Gianfranco Berardi e Gabriella Casolari portano in scena uno spettacolo che è valso a Berardi il Premio Ubu come miglior attore/performer: un affresco tragicomico che gioca sui paradossi, gli ossimori e le contraddizioni del nostro tempo.
Sul palco un attore e una regista che lo sprona a superare la crisi che lo affligge e a recitare per l’ultima volta il loro Amleto. Inizia così un viaggio tra finzione e realtà, teatro e vita, in una corrispondenza ironica e poetica tra le vicende del giovane attore italiano e quelle del principe danese.
Mentre in scena si rievocano il rapporto di Amleto con i suoi familiari, la crisi e la pazzia, avanzano strettamente connesse le vicissitudini dell’attore: il rapporto con il padre, la scoperta della malattia che lo conduce alla cecità, le difficoltà e il disagio di vivere in un’epoca in cui non ci si riconosce, il rapporto con il mondo del lavoro teatrale, la scoperta dell’amore…

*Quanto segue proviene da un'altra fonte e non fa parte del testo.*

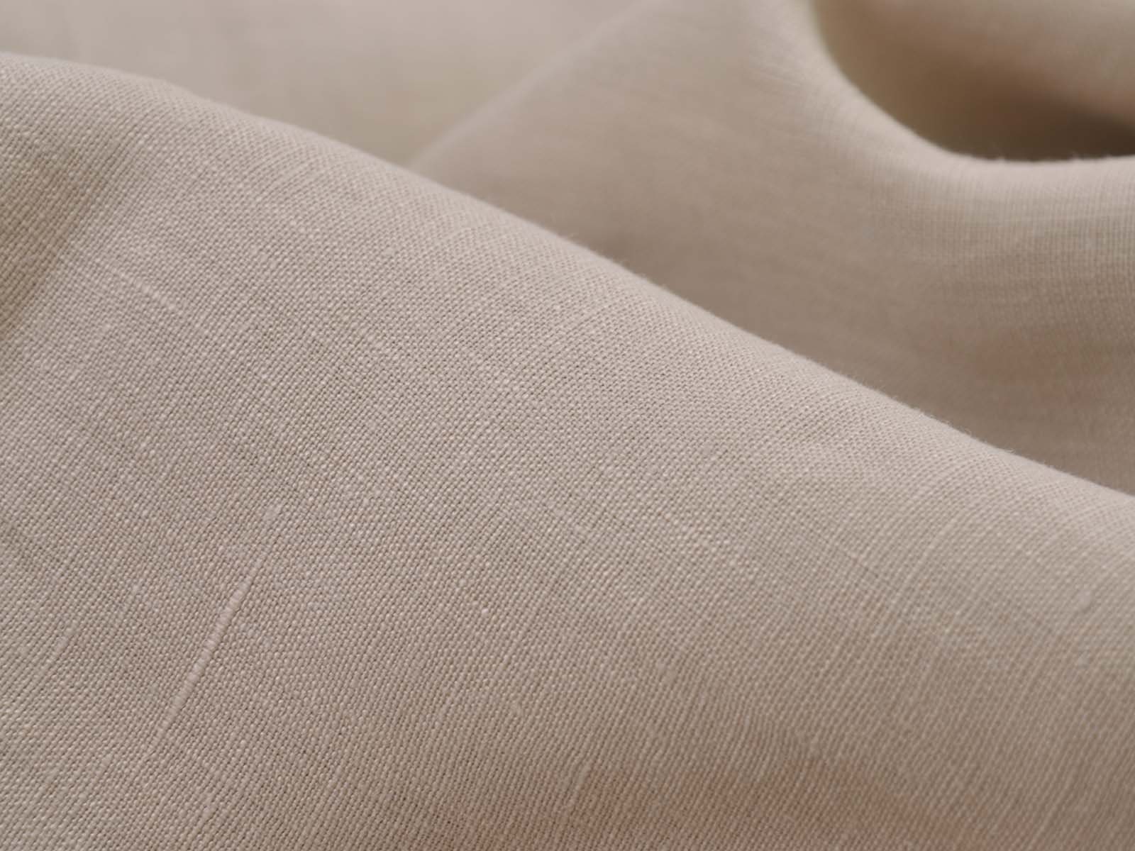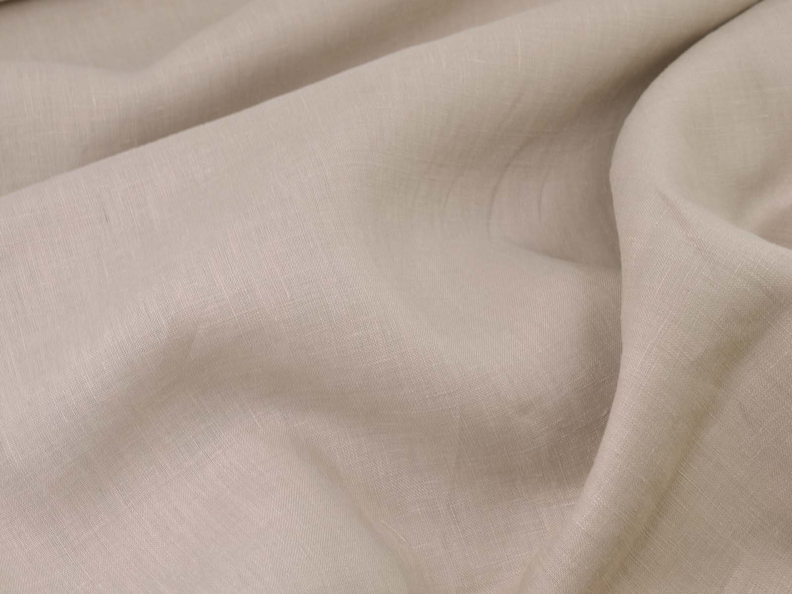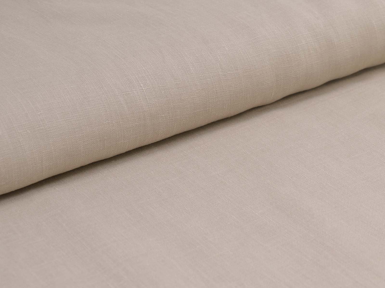 Blusenstoff aus reinem Leinen in beige. Der Stoff ist dünn und leicht transparent. Deshalb eignet er sich wunderbar zum Nähen von leichten Kleidern, Hosen, Röcken, Tuniken und Shorts.
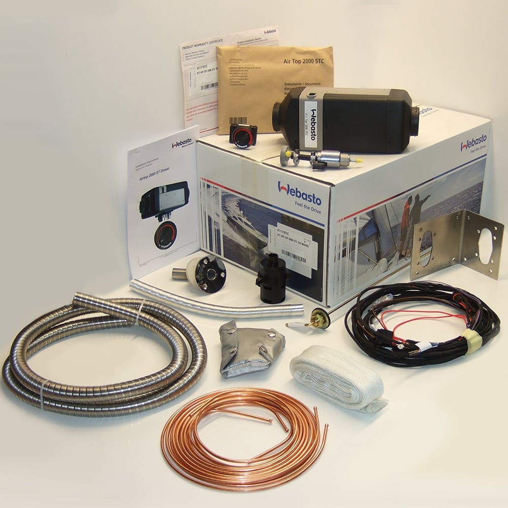 12v Webasto Air Top STC Marine Diesel Heater Kit This Webasto Air Top 2000 STC marine heater kit comes with a complete installation kit for your boat. This heater kit can be viewed as a starter kit, supplied with standard rheostat electronic temperature control. Upgrades to the Smart Controller or 7 Day Timer* are available. The compact Webasto Air Top 2000 STC offers optimised fuel efficiency (less than 1lt diesel per hour maximum) to provide whisper quiet heating. Programmable engine independent heating (does not use heat from the engine) for many types of marine use. Certified for installation in passenger areas and in proximity to dangerous substances. Webasto basic marine kits do not include warm air outlets & ducting, please check out our range of additional ducting, warm air outlets and digital controllers to enable a truly bespoke and cost-effective Marine heating solution. If you are usure of your requirements contact the Butler Technik support team. We also recommend that you consult with a marine engineer or similar qualified professional. Webasto Marine heater 12 volt 2.2kw kit contents: Webasto Air Top 2000STC self regulating 12 volt air heater Modulator with temperature regulation with On-board diagnostics (Upgrade to 7 day timer Optional) All electrical harnesses and connections 1.5 metres of insulated/lagged stainless steel exhaust pipe (Additional lengths of 24mm Exhaust pipe available if required 1 x Exhaust heater outlet adapter, 22-24mm id converter Copper Fuel pipe system, complete with fuel metering pump 1 x Fuel Stand Pipe All necessary clips and screws for this installation included Comprehensive installation manual Stainless steel Heater mount bracket Stainless steel exhaust hull skin fitting External air temperature sensor Webasto UK Air Top 2000ST 24 month warranty Upgrades and Options Add warm air outlets with our additional one outlet ducting kit 60 mm warm air ducting is available in custom lengths 24mm stainless steel exhaust cut to length (part number 24MMEXH) and 40mm exhaust lagging Mounting close to living/sleeping berths? - Marine specific exhaust silencer available This is a genuine Webasto heater with a UK 24 month Global Warranty Custom Marine Heater Kits Butler Technik stock an extensive range of marine heater parts and can create a bespoke marine kit suitable for your requirements. Please contact our experienced sales team for advice and guidance.
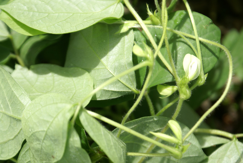 | Description | : | Perennial or annual climbing herb, stem pubescent, hairs spreading. Leaf trifoliolate, petiole 0.8-7.0 cm long, leaflets 1-3.5 cm long, 0.7-7.8 cm broad, ovate rhomboid, obovate or elliptic, (the lateral leaflets oblique), obtuse or subacute, glabrescent to pubescent, petiolule 1-2 mm long; stipules 4-8 mm long. Inflorescence axillary, 1-5-flowered fascicle; peduncle 0.1-5 cm; bracts c. 2 mm long; pedicel 1-7 mm; bracteoles c. 3 mm long. Calyx pubescent, tube 2 mm long, teeth 3-8 mm long, upper 2 united together. Vexillum 0.6-1.2 cm long, cream, yellow or greenish-yellow, often with a purple spot inside. Fruit 3-5.5 cm long, 6-8 mm broad, pubescent or glabrous, acuminate. |
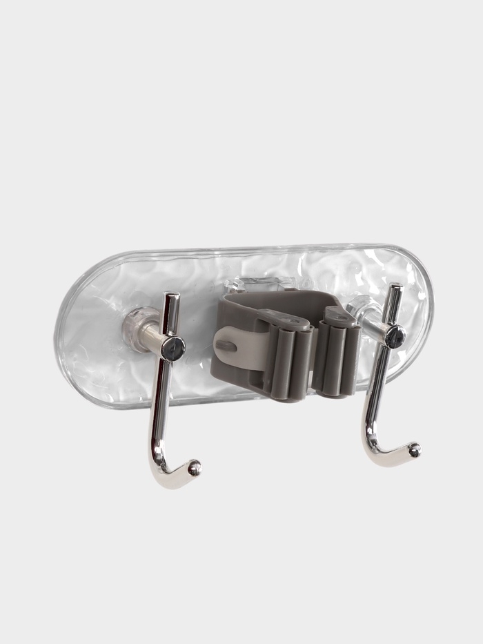 Держатель для швабр настенный самоклеящийся, прозрачная основа, 16х6х6 см
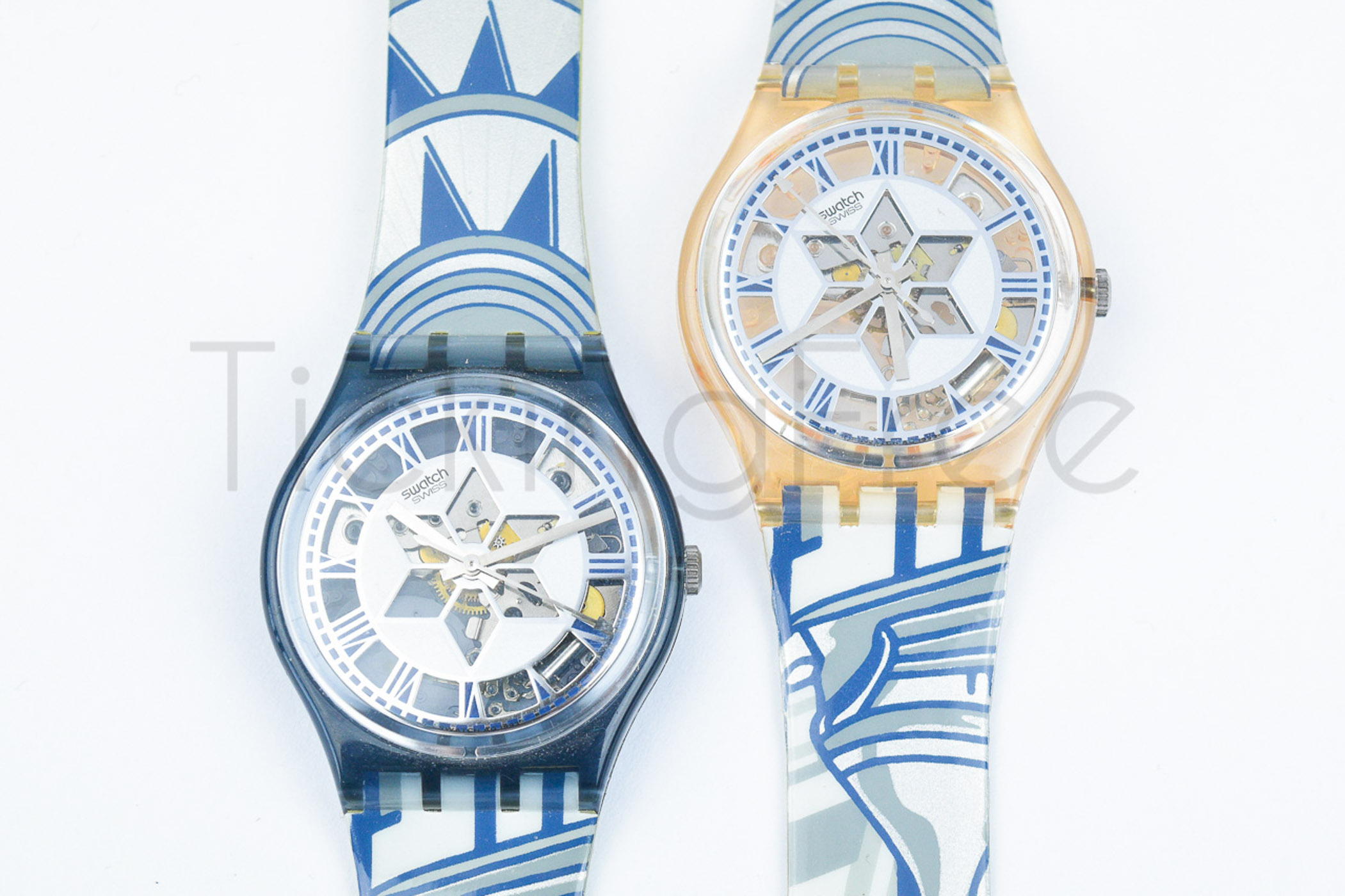 Swatch Prototype 1994 - GP109 + GP109P1 - Decoscraper + Variante (Variante di cassa, cinturino e fibia di colore rosa) - Nuovi - entrambi funzionanti e completi di custodia originale - Display Analogico

Una riflessione ironica e amara che nasce dall’osservazione e dall’ascolto della realtà circostante, dove “tutto è rovesciato, capovolto, dove l’etica è una banca, le missioni sono di pace e la guerra è preventiva”. Simbolo del dubbio e dell’insicurezza, icona del disagio e dell’inadeguatezza, l’antieroe shakespeariano è il personaggio ideale cui affidare questa indagine.
Ma l’Amleto di Amleto take away è un perdente consapevole, un numero nove ma con la maglia dell’Inter di qualche anno fa, portato alla follia dalla velocità, dalla virtualità e dalla pornografia della realtà. È in seria difficoltà circa il senso delle cose, travolto da una crisi così generalizzata e profonda da mettere a repentaglio storie solide e consolidate come il suo rapporto d’amore con Ofelia e con il teatro.
È un Amleto che inizia il suo celebre soliloquio con To be or FB, that is the question.